Semantic Kernel Plugins Created: 01 Feb 2026 Updated: 01 Feb 2026

Structuring Semantic Kernel Functions with Plugins

In the evolving landscape of AI orchestration, passing raw text to a Large Language Model (LLM) is rarely enough. To build robust applications, we need models that can "do" things—retrieve data, calculate numbers, or interact with APIs. In Microsoft’s Semantic Kernel, the architecture that bridges the gap between mere text generation and functional execution is the Plugin.

The Concept: Plugins as Containers

Think of a Plugin in Semantic Kernel exactly as you would a Module or a Class in Object-Oriented Programming. It is a container designed to group logically related functions under a unified namespace.

While the kernel is the engine, the plugins are the tools. Whether you are grouping functions by domain (e.g., FinancePlugin, HRPlugin) or by capability (e.g., EmailSender, DataConverter), the goal is to simplify function management. When a query is sent to the LLM, the Kernel packages the user prompt, history, and available functions (prefixed with their plugin names) to help the model decide which tool to pull from the toolbox.

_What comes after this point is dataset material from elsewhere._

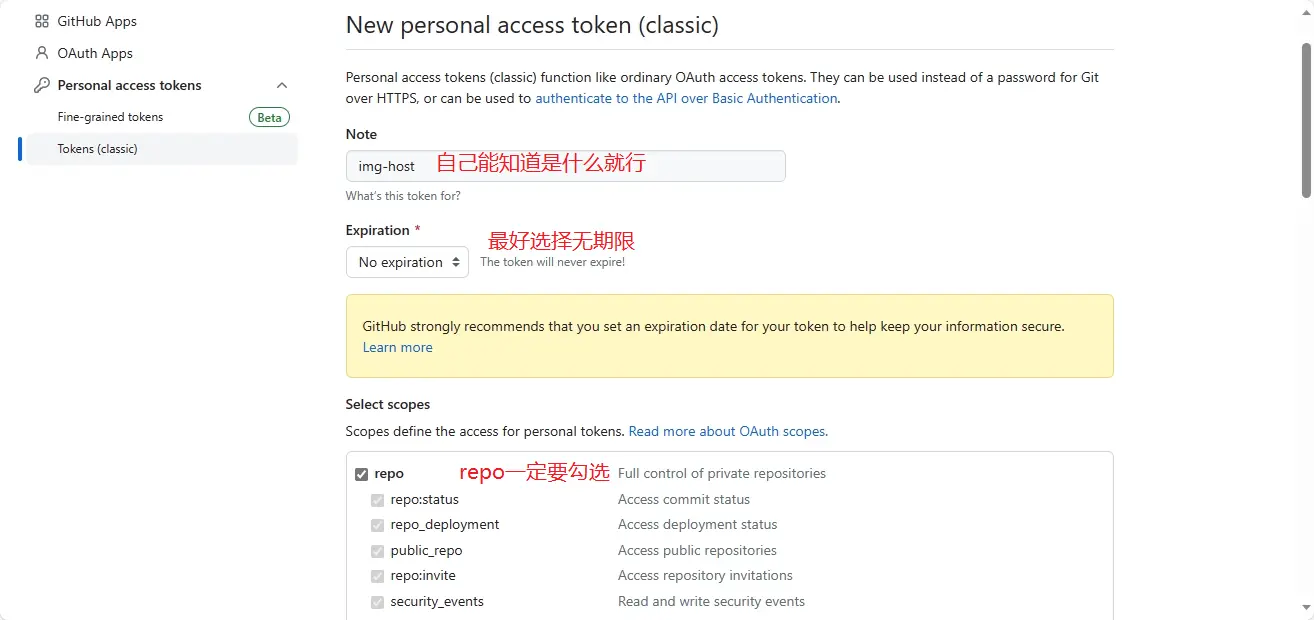 然后 Token 名称自己能知道是什么就行,有效日期作者推荐无期限(No Expiration),不然每次到期还要再新建一个,还要更改配置,然后下面的 Token 权限选择只需要勾选 repo 就可以了,其他权限不需要用到。

Under the Hood: The Protocol

When using Semantic Kernel, the framework abstracts the complexity of API calls. However, understanding the underlying protocol is crucial. Under the hood, the Kernel constructs a payload compatible with the OpenAI API (or similar providers).

Below is a demonstration of what this request looks like at the protocol level. Instead of the standard weather example, let’s imagine an E-commerce Inventory System where an LLM needs to check stock levels.

The Request Structure (cURL)

In this scenario, a user asks: "Do we have 'The Pragmatic Programmer' in the downtown warehouse?"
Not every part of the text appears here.